Negli anni '20, lo sport diventa un fenomeno di massa. La giornata lavorativa di otto ore porta più tempo libero, permettendo a un maggior numero di persone di praticare sport. La nuova radio trasmette le competizioni direttamente nelle case, e il corpo sportivo diventa l'ideale di bellezza fotografato da molti. Lo sport serve la politica sanitaria, ma viene anche strumentalizzato politicamente dai regimi autoritari. Solo dopo la Seconda Guerra Mondiale si afferma un rapporto più liberale con lo sport. Oggi sono la televisione e Internet a mettere in scena la lotta per i record e a intrattenere un vasto pubblico. Non da ultimo, per questo motivo, lo sport è diventato anche un grande affare.
Lo sport significa soprattutto essere attivi. Perciò, un terzo dello spazio espositivo invita i visitatori a mettersi in gioco: sette stazioni interattive permettono di mettere alla prova abilità e talento sportivo, ad esempio provandosi come sciatori in uno slalom o come cronisti sportivi.

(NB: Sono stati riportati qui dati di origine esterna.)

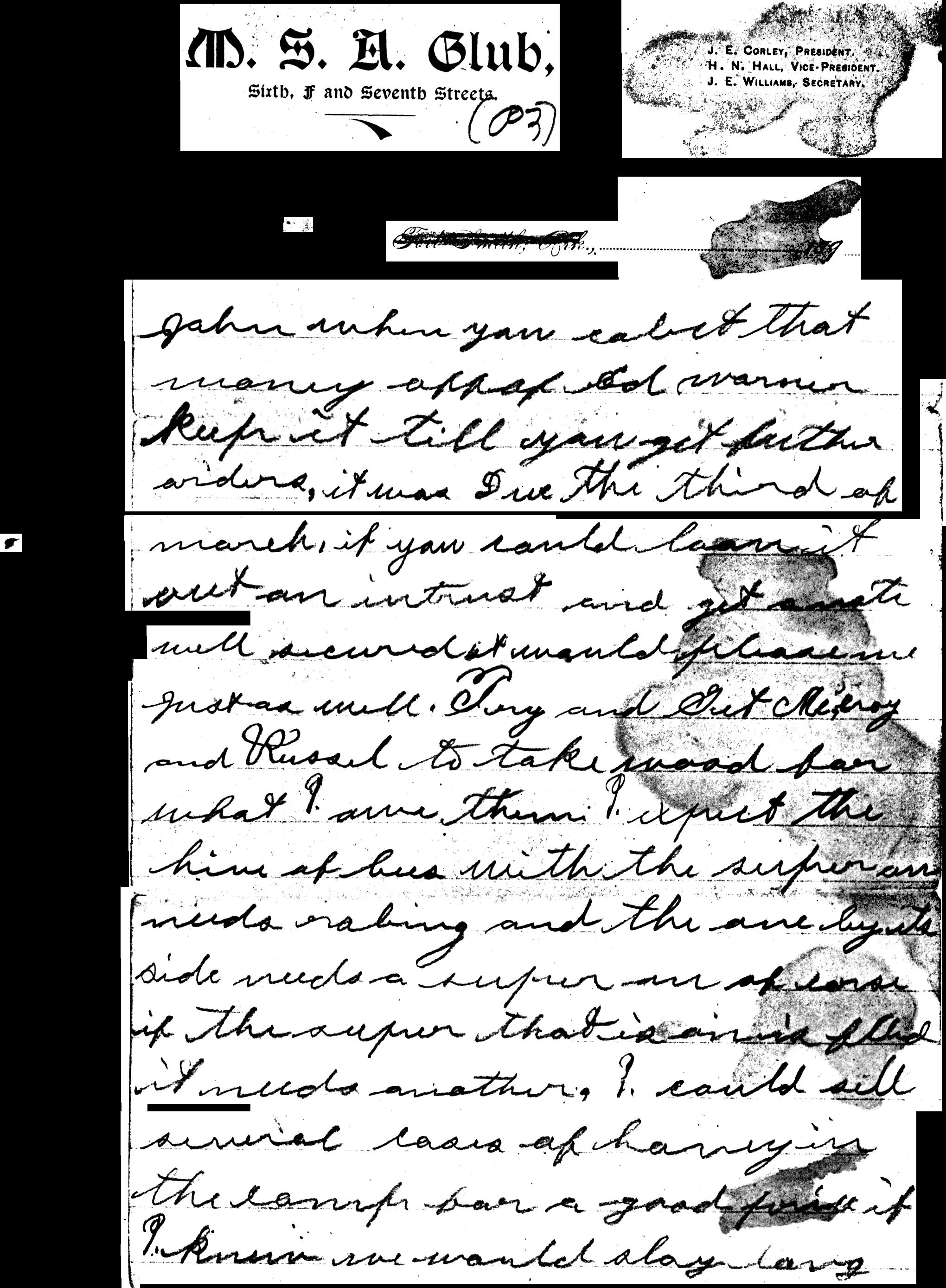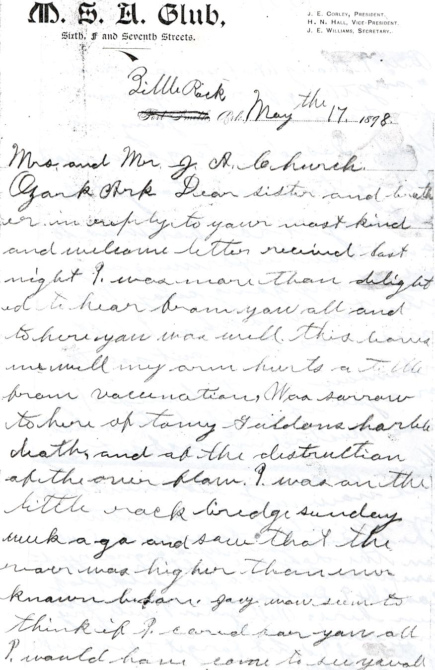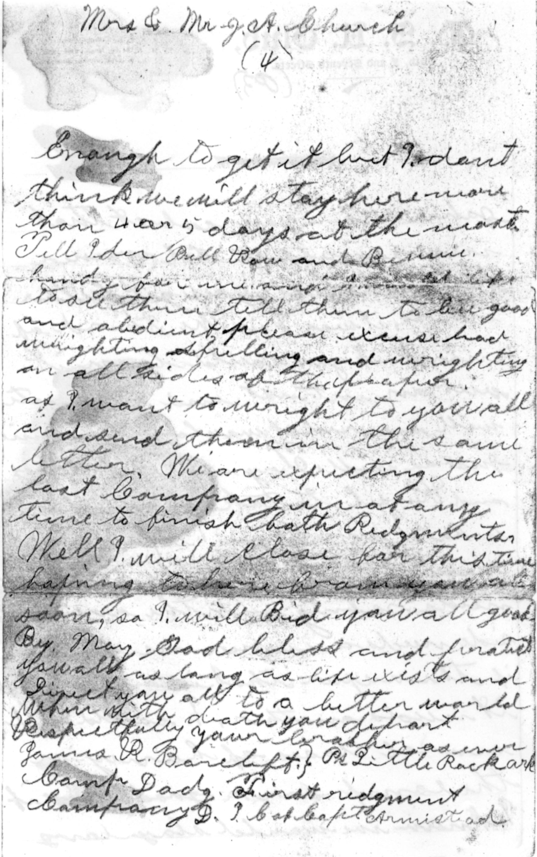 Dear Sister and brother in reply to your most kind and welcome letter received last night. I was more than delighted to hear from you all and to here you was well. this leaves me well my arm hurts a little from vaccinations. Was sorrow to hear of tomy Guildons horible death, and of the destruction of the over flow. I was on the little rock bridge sunday week ago and saw that the river was higher than ever known before. Jocy now seem to think if I cared for you all I would have came to see you all, but I thought if you all cared anything for me you would protest against me going and I had desided to go without sheding tears so I thought the best way to do that was to go without informing any one of my going away. My intention was when I left home was to go out on the Arkansaw Central and apply for a job if failed to enlist. I was mustered in last saturday. We are drawing government rashions now which is better then the stale furnished us. The ladies gave us a grand reception the day we left ther, they have presented us a fine silk flag, cash $49 dollars since we have been here. Well John I will try and sind my kees in this letter if I dont forget them like I did before. John when you collect that money off of Ed Warner keep it till you get further orders, it was due the third of March, if you could loan it out on interest and get a note well secured it would please me just as well. Try and get McCray and Russel to take wood for what I owe them. I expect the hive of bees with the super on needs robing and the one by its side needs a super an of course if the super that is on is filled it needs another. I could sell several cases of honey in the camp for a good price if I knew we would stay long enough to get it, but I dont think we will stay here more than 4 or 5 days at the most. Tell Ider Belle, Roy and Bennie howdy for me and that I would like to see them. Tell them to be good and obedient please excuse bad wrighting, spelling and wrighting on all sides of this paper. as I want to wright to you all and send them in the same letter. We are expecting the last company in at any time to finish both regiments. Well I will close for this time hoping to here from you all soon, so I will bid you all good by. May God bless and protect you all as long as life exists and direct you all to a better world when with death you depart. Respectfully your brother as ever, James R. Barclift, At Little Rock Ark

La mostra è strutturata in modo che i visitatori assumano il ruolo degli atleti. Già prima dell'inizio della visita, vengono accolti da alcuni fan, e entrando in un corridoio stretto, possono battere il cinque con lo staff del museo.
Nell'"Arena della Mostra", le piste conducono ora gli "atleti" ai temi. Le pareti leggermente inclinate, piene di numerosi oggetti esposti, ricordano tribune gremite di spettatori. Nella parte centrale, circondata dalle piste, sono esposti dispositivi sportivi tecnici.

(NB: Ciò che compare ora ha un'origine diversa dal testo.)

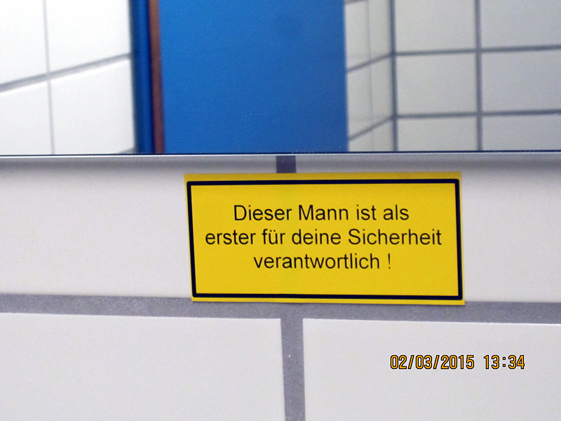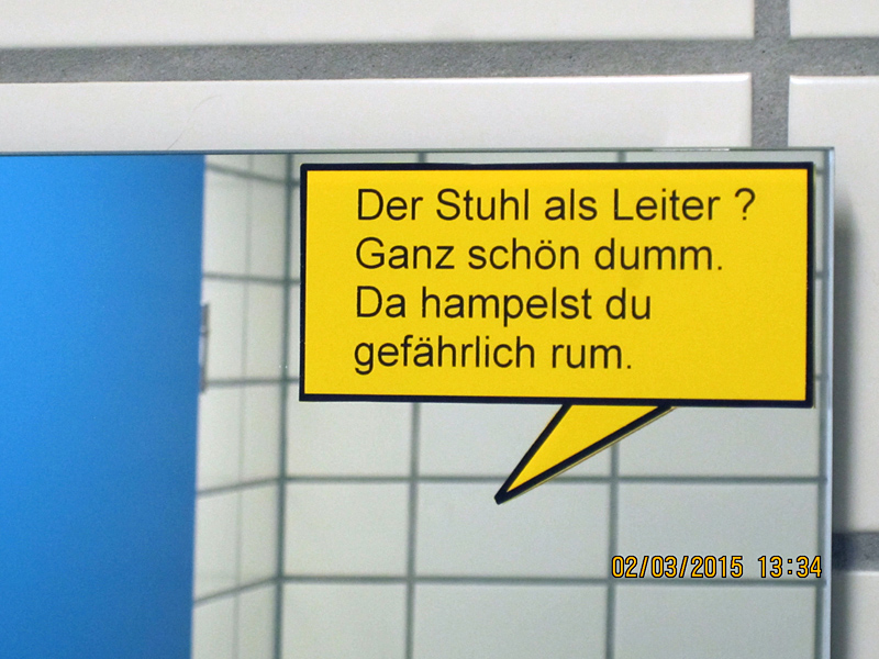 Unter dem Motto „Bewusstseinsbildung über das eigene Spiegelbild“ wurden Aufkleber für Spiegel entwickelt und produziert. Denn wem vertraut und glaubt man mehr als sich selbst? Die Gestaltung und Motive wurden mit den Auszubildenden des Standortes erarbeitet. Gleichzeitig konnte den Auszubildenden das Thema Arbeitssicherheit auf lockere Art und Weise vermittelt werden.

Ma i visitatori non sono ancora alla fine del loro percorso. Ora devono raccogliere le ultime forze per dimostrare la loro abilità sportiva. Sette "stazioni di allenamento" possono ora essere sperimentate, con esercizi di equilibrio e salto, ciclismo e sci, fino a una cronaca calcistica e una stazione selfie con famosi sportivi della Bassa Austria. Alla fine, si passa la linea del traguardo. La mostra appare molto vivace, nonostante l’uso di soli due colori, blu e arancione. Il design grafico ricorda la semiotica del linguaggio sportivo. L'allestimento è stato realizzato con elementi presi dal mondo dello sport.